Based on the IOS comparisons, we concluded that the Differential-Temporal display was the most suitable man-machine interface. In comparison to all displays, the Differential-Temporal had significantly smaller IOS values, leading toward perfect symmetry. We equated this result as an impact of both data pre-processing and the representation of the data to the user. The representation allowed users to follow adjustments during both right and left weight transitions continuously while also considering past performance since their temporal history was provided. This allowed users to execute adjustments without requiring pre-planning. The participants appeared to continuously make weight-bearing adjustments until they reached the goal. This performance method has been illustrated in other task-oriented experiments. Kirsh and Maglio’s study found that experienced gamers were more successful at geometrically constrained pick-and-place tasks when they rotated the object to be placed more frequently as opposed to pre-planning the movement . From these observations, we conclude that a continuous adjustment of load allowed users to visually perceive results during use without making constrained cognitive calculations. Pre-processing the data proved to be a critical approach when delivering information to the user. By incorporating this piece, users no longer had to make the arduous process of interpreting results and comparing between both limbs to make adjustments. Alternatively, we found that the Temporal display recorded the most unfavorable results among all displays. We can attribute this to the increased cognitive demand placed on the user to receive results from a single limb and interpret a suitable outcome for both limbs.

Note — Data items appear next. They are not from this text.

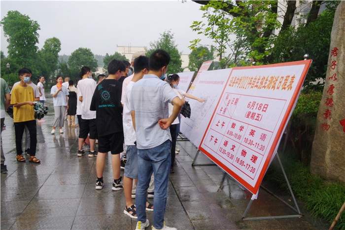 会后,各监考教师对考场进行了精心布置,教导处工作人员对各考场进行了严格检查和验收。下午4:30,各考场向全体考生及家长开放。
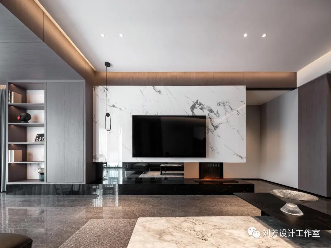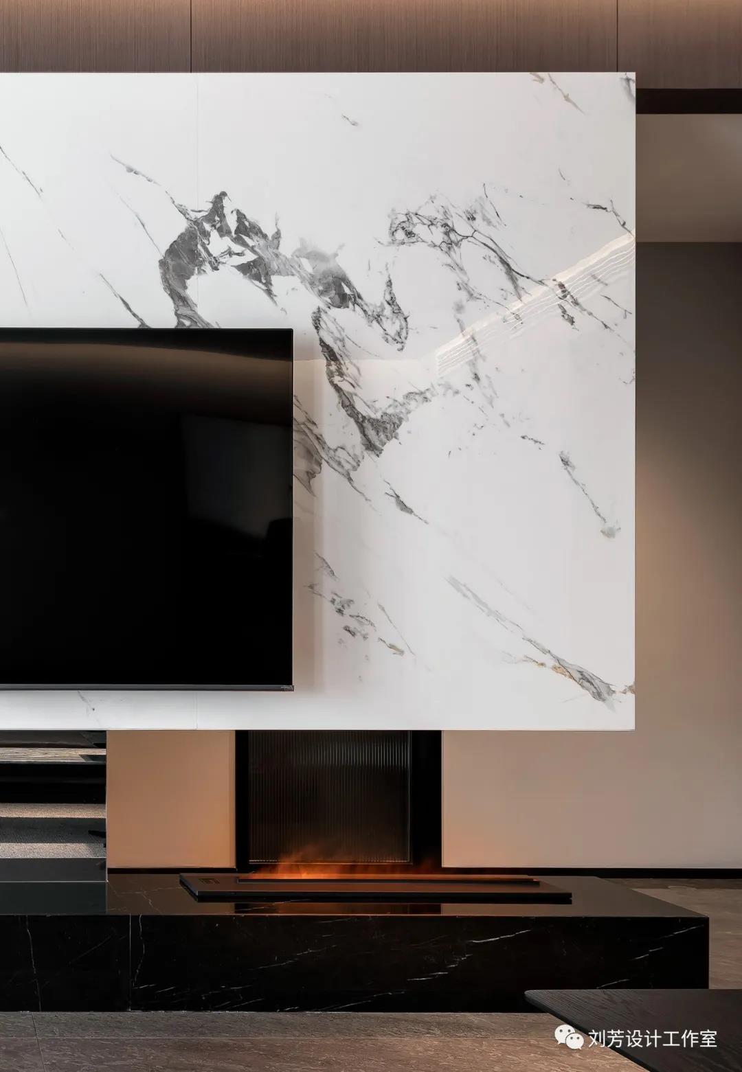 悬浮白色石材背景,黑色大理石地台,仿真雾化壁炉,阳光的倾洒,室内氛围自由流动……从色彩、功能到材质、配饰,都以一种张弛有度的空间方式呈现出来,内容丰富而细腻,有序而美观。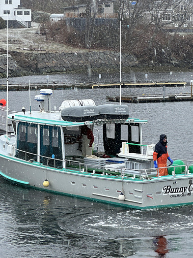 The rest of the cruise to Perkins Cove was uneventful. It snowed the whole way down the river and all the way to Perkins Cove. I had to rely on the two radars that I keep as well as the track plotter to keep me on course. But there wasn't much wind. And, because the wind was out of the southeast, we had it on our stern quarter, making it an easier than normal run. The Barnacle Billy's float was not ready yet. But the harbormaster had given me permission to put the Bunny Clark on the town dock overnight.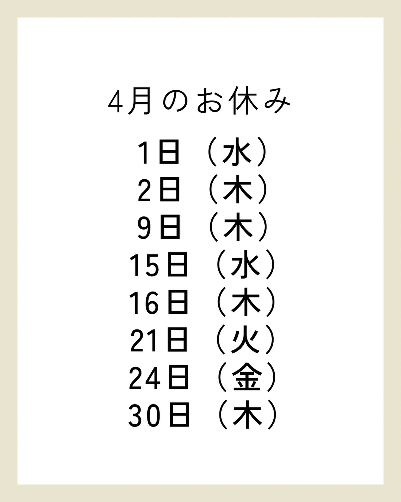 indies art club 4月のお休みです🍀 来月もよろしくお願いします🙇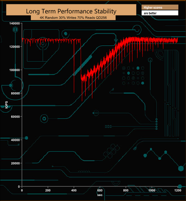 For the long term performance stability test, we set the drive up to run a 20-minute 4K random test with a 30% write, 70% read split, at a Queue Depth of 256 over the entire disk. The Samsung SSD980 PRO 1TB averaged 120,139 IOPS for the test with a performance stability of 93.6% which is excellent for a consumer drive.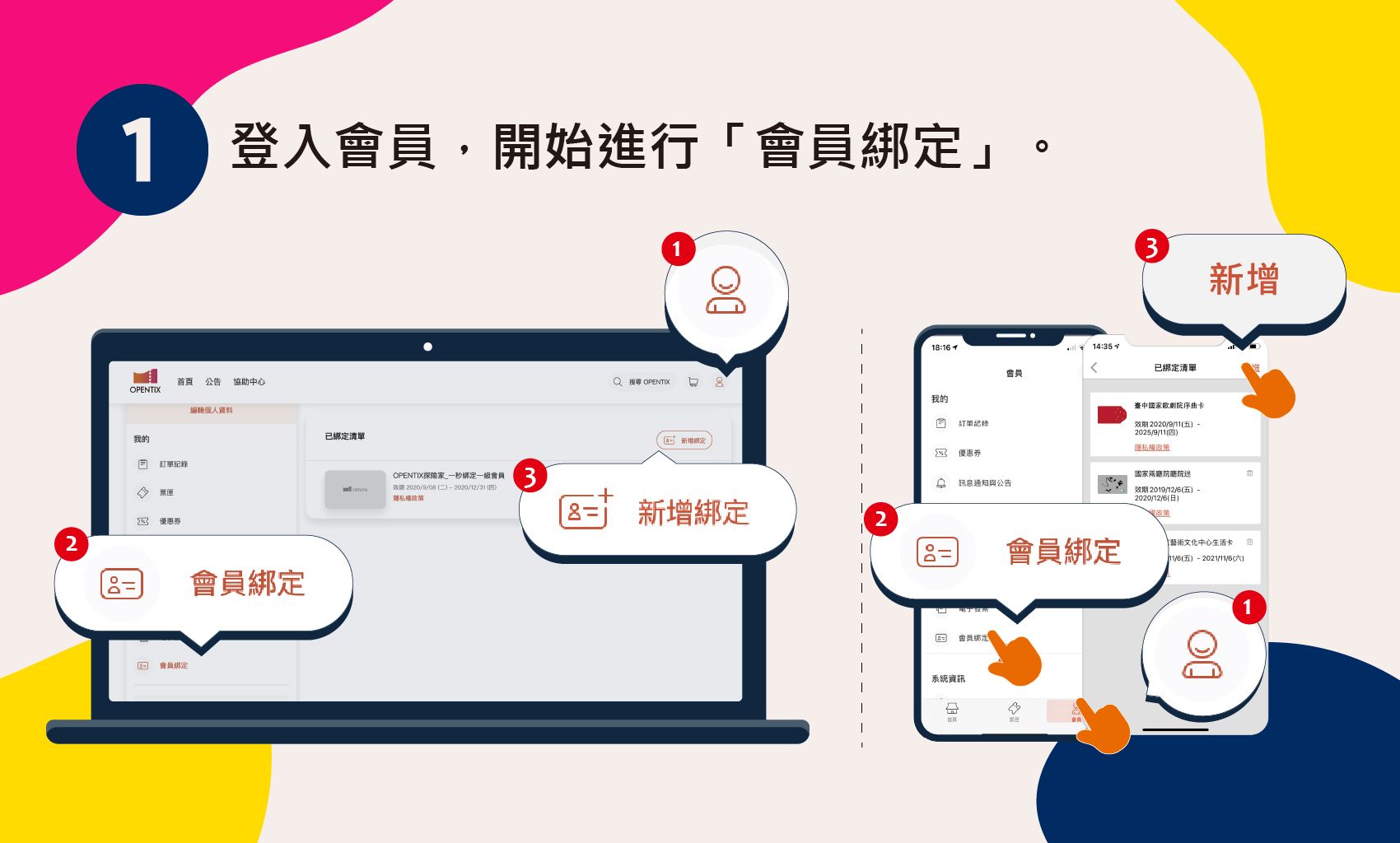 Step1. 登入OPENTIX會員,並按照以下三步驟,新增「會員綁定」。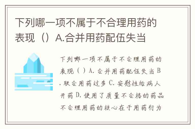 下列哪一项不属于不合理用药的表现()A.合并用药配伍失当 B.联合用药过多 C.安慰性给病人开药 D.使用了质量不合格的药品

Our findings suggest that visual biofeedback influences gait symmetry during dynamic postural activity on an elliptical trainer. We also found the optimal visual biofeedback representation among the four displays adapted from previous research. We concluded that with improvement from baseline activity to visual biofeedback, users were able to offload interpretation and attention demand onto perceptual processes allowing easy manipulation of spatial parameters. Our future endeavors will be to expand on these findings in determining the effects of manipulating scaled values to cause hyper-symmetry, asymmetry towards non-dominant balance limb, while using an elliptical trainer and apply these methods to participants who have suffered TBI and stroke to determine its efficacy in these populations. Potential limitations in the study may be the effect of learning from each day of exposure, since order of display was randomized and corresponding correlation coefficients revealed no correlation this is not expected to have occurred.